Say we have i.i.d random variables $x_i$ whose mean and variance are $1$. Then the sample $s_n=\frac{1}{n}\sum_{i=1}^n x_i$ has mean $1$ and variance $\frac{1}{n}$. If we are given a small enough positive $\epsilon$, e.g., $\epsilon\in(0,0.5)$, what bound can we get for $P(0<s_n<\epsilon)$ for all $n$?
For example, if we consider the Chebyshev inequality, we have \begin{align} P(0<s_n<\epsilon)&\leq P(|s_n-1|\geq 1-\epsilon)\\ &=P(|s_n-1|\geq \sqrt{n}(1-\epsilon)\cdot\frac{1}{\sqrt{n}})\\ &\leq\frac{1}{n(1-\epsilon)^2} \end{align} This bound is rather loose because of the first inequality.

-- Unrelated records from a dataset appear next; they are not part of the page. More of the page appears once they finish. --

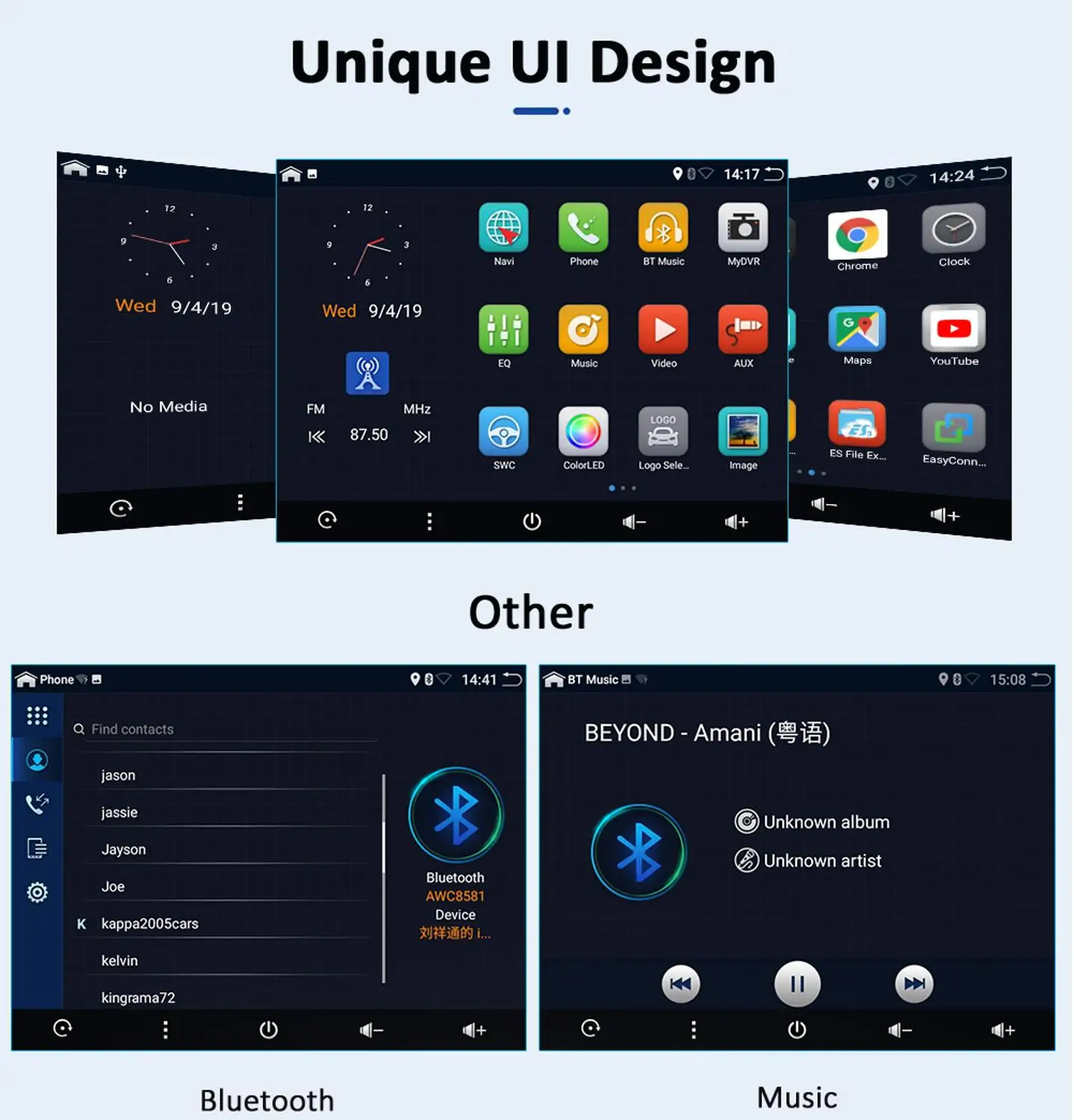 FeaturesCapacitive touch screen, Steering Wheel Control,Mic,Speakers,USB,SD
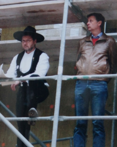 Einer der Potsdamer Auftraggeber war Günther Jauch, der mehrere Häuser in Potsdam gekauft hat, sanieren ließ und lässt, vermietet und damit einen Beitrag zur Verschönerung Potsdams leistet. Die Zimmerei Nitzsche war mit Dachstuhlsanierungen dabei. Das Bild entstand bei einem Richtfest, bei dem sich Herr Jauch als Kandidat von „Wer wird Millionär“ mit Fragen wie „Wie viele Quadratmeter Dachschalung wurden verlegt: A … m2, B … m2, C … m2, D … m2?“ bewähren musste (Telefon-Joker etc. waren natürlich zugelassen).
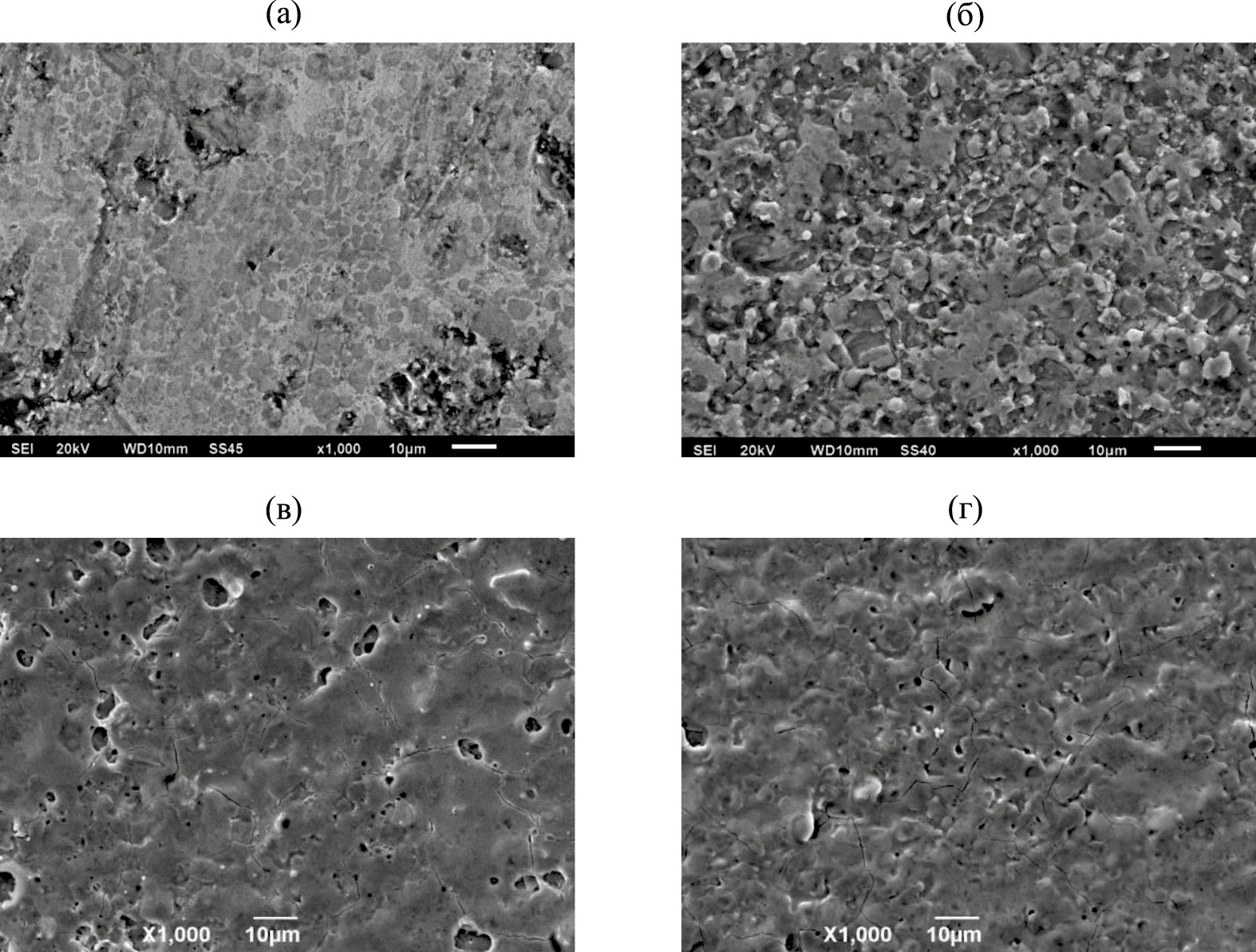Рис. 1. РЭМ изображения поверхности БВТС (50% TiC–50% TiNi) в исходном состоянии (а), после одного (б), двух (в) и пяти (г) импульсов облучения МИП.
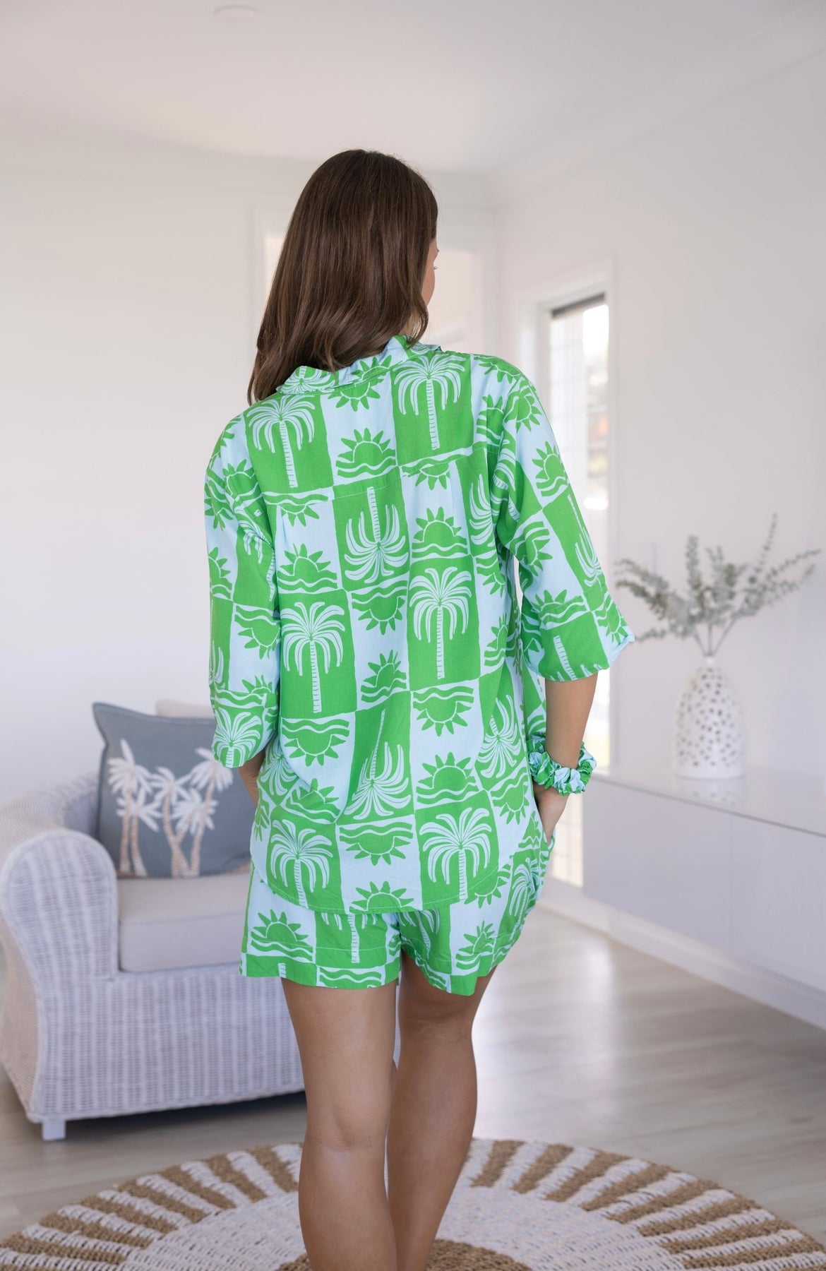Palm green and light blue palm tree print two-piece pyjama set with shirt and shorts, worn as resort wear, video

I also checked other inequalities, like Hoeffding's, yet they are all bounds for the form of $P(|s_n-1|\geq a)$. If we think about $x\sim\mathcal{N}(1,1)$, then $s_n\sim\mathcal{N}(1,\frac{1}{n})$. Thus,$$P(0<s_n<\epsilon)<\epsilon\frac{\sqrt{n}}{\sqrt{2\pi}}\exp\left(-\frac{n(1-\epsilon)^2}{2}\right)<t_0\frac{\sqrt{n}}{\exp(n)}\epsilon,$$ where $t_0$ is the constant coefficient.
I wonder what bounds, similar to the above that decreases to $0$ as $\epsilon\to 0$, can be obtained? Perhaps some assumptions shall be placed. Thanks.